### PROBLEM REQUIREMENTS
In the material below, find the line containing "2 PAIRS OF SILVER" and the line containing "A Single Witches". Output those two lines and all lines between them exactly, without pictures.

### THE DATA
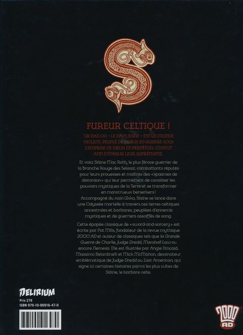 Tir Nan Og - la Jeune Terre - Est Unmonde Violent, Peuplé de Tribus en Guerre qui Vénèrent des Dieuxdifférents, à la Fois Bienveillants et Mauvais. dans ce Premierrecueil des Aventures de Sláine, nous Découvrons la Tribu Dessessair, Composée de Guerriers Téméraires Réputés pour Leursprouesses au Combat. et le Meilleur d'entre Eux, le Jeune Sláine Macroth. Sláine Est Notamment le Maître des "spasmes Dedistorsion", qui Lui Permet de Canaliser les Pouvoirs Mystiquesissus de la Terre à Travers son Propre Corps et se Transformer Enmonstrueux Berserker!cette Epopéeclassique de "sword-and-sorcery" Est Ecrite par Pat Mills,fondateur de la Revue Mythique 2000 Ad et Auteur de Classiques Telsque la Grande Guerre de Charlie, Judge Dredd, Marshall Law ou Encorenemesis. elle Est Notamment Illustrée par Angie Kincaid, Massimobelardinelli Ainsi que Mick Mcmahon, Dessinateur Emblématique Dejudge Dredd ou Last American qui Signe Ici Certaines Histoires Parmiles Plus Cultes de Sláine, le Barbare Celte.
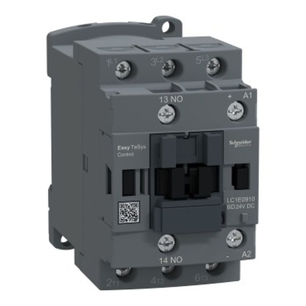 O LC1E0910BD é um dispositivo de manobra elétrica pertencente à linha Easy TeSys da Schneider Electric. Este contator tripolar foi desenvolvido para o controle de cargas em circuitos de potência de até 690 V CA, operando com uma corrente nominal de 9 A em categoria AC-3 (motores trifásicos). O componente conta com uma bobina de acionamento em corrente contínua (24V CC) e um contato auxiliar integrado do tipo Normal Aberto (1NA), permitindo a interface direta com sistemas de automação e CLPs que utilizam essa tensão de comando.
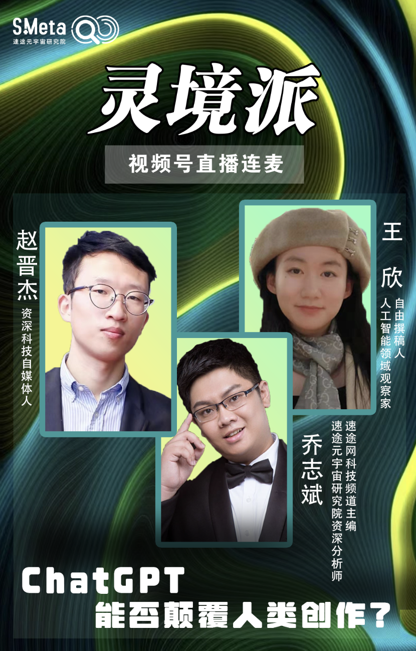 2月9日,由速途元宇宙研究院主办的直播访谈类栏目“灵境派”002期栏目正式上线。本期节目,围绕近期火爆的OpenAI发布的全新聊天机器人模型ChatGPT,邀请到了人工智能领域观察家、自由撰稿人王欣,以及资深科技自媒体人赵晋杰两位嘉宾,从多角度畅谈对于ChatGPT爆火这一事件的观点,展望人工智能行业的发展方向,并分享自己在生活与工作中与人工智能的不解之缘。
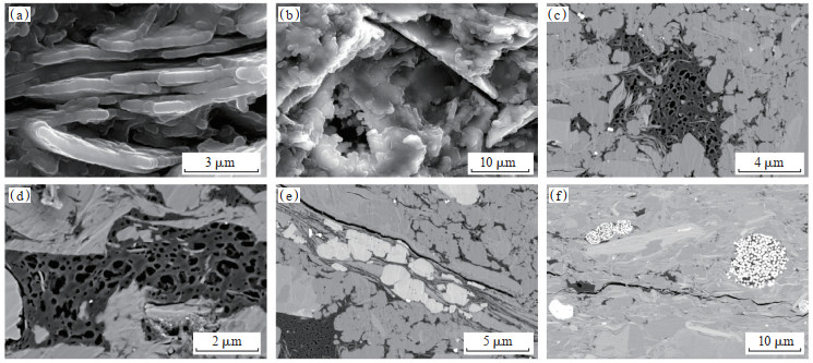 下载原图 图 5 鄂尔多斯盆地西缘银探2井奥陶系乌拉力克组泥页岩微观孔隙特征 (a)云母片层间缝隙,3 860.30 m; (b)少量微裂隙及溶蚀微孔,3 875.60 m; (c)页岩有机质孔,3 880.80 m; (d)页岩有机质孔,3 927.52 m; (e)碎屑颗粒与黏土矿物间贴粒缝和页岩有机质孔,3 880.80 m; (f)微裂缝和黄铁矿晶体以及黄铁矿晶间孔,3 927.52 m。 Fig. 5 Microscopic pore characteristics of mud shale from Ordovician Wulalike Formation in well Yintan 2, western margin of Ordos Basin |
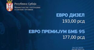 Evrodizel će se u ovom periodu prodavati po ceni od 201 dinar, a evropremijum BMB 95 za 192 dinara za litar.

* * *

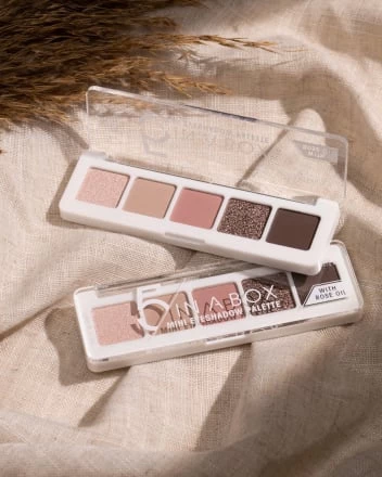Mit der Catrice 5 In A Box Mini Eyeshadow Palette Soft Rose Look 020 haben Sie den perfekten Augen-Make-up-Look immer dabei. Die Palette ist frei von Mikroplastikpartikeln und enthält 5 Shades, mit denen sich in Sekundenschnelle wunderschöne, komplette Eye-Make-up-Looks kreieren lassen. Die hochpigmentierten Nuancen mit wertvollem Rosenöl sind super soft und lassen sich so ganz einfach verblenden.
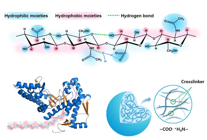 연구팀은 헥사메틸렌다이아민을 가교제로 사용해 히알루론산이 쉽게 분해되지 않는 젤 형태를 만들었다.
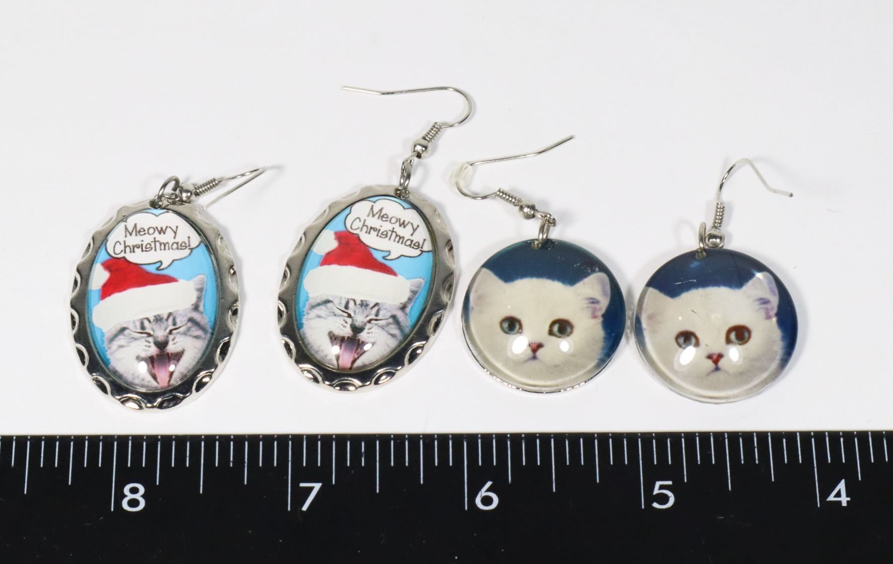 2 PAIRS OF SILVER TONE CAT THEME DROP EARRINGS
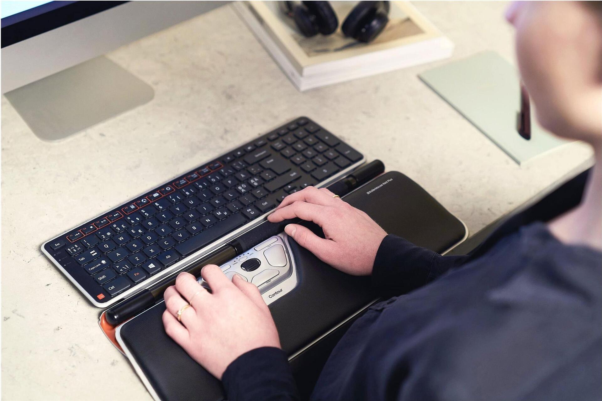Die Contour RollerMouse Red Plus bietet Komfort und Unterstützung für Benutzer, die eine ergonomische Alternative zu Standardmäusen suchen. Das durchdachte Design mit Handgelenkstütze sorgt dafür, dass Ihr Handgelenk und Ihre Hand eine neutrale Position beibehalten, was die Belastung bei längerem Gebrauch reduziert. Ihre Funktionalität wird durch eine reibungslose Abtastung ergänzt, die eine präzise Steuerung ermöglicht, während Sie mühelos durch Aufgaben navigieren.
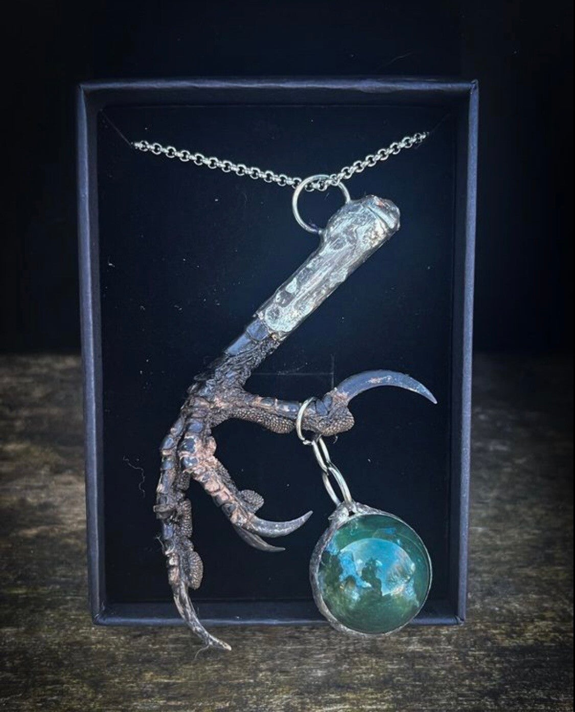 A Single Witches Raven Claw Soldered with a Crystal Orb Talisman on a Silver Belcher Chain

---

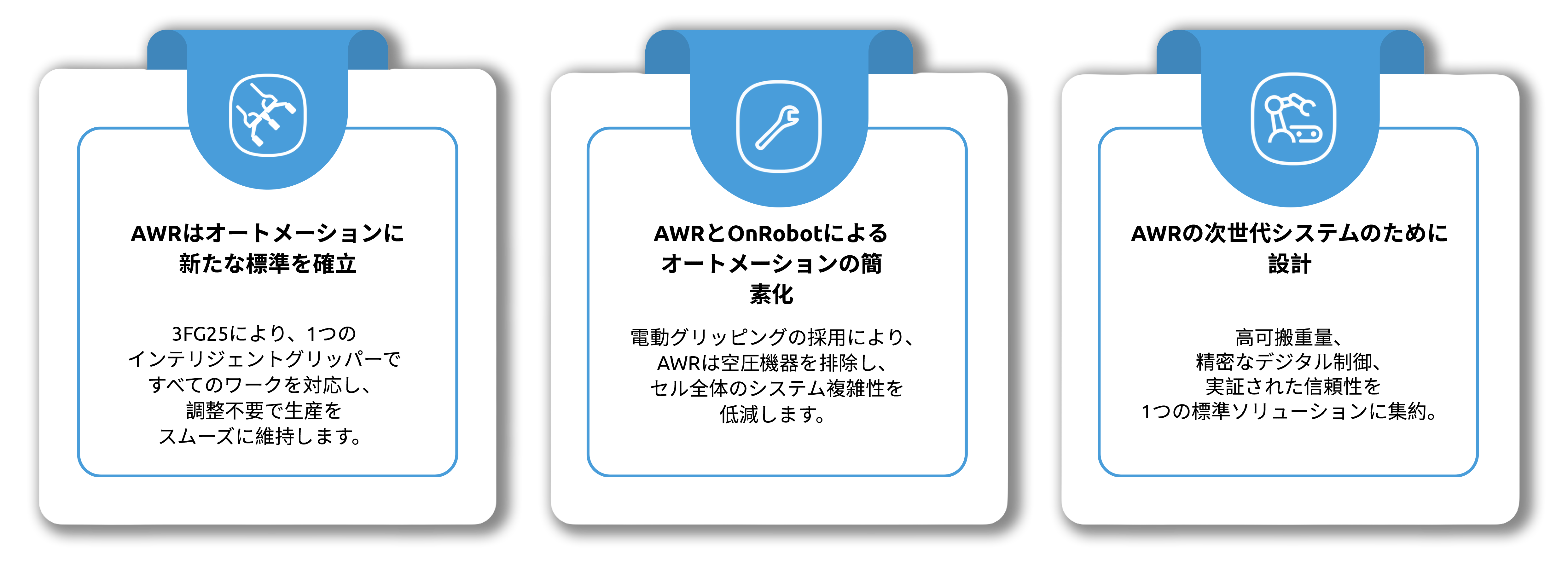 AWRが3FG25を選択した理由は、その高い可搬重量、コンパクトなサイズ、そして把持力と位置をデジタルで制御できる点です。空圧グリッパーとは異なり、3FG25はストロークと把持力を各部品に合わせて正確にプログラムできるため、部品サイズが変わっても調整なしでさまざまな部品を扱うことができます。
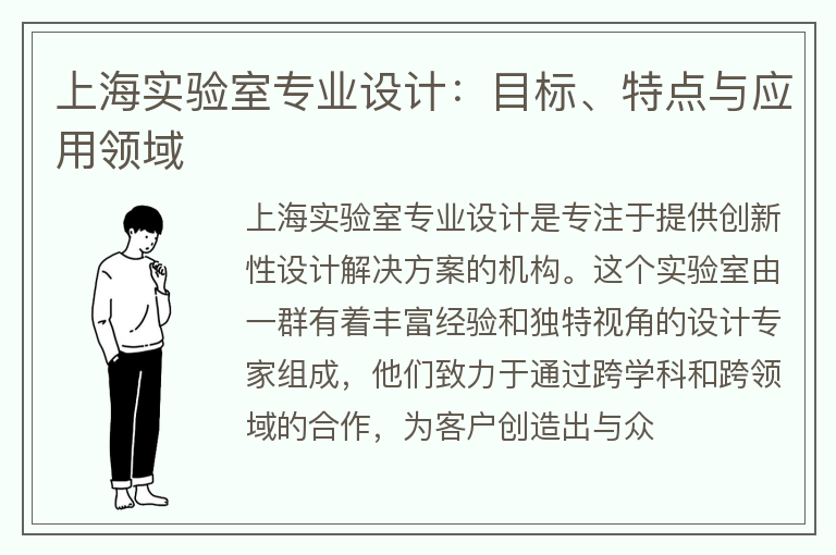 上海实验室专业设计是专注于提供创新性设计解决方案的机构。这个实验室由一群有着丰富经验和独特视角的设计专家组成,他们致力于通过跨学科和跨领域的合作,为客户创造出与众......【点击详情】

### RESPONSE AREA
 2 PAIRS OF SILVER TONE CAT THEME DROP EARRINGS
Die Contour RollerMouse Red Plus bietet Komfort und Unterstützung für Benutzer, die eine ergonomische Alternative zu Standardmäusen suchen. Das durchdachte Design mit Handgelenkstütze sorgt dafür, dass Ihr Handgelenk und Ihre Hand eine neutrale Position beibehalten, was die Belastung bei längerem Gebrauch reduziert. Ihre Funktionalität wird durch eine reibungslose Abtastung ergänzt, die eine präzise Steuerung ermöglicht, während Sie mühelos durch Aufgaben navigieren.
 A Single Witches Raven Claw Soldered with a Crystal Orb Talisman on a Silver Belcher Chain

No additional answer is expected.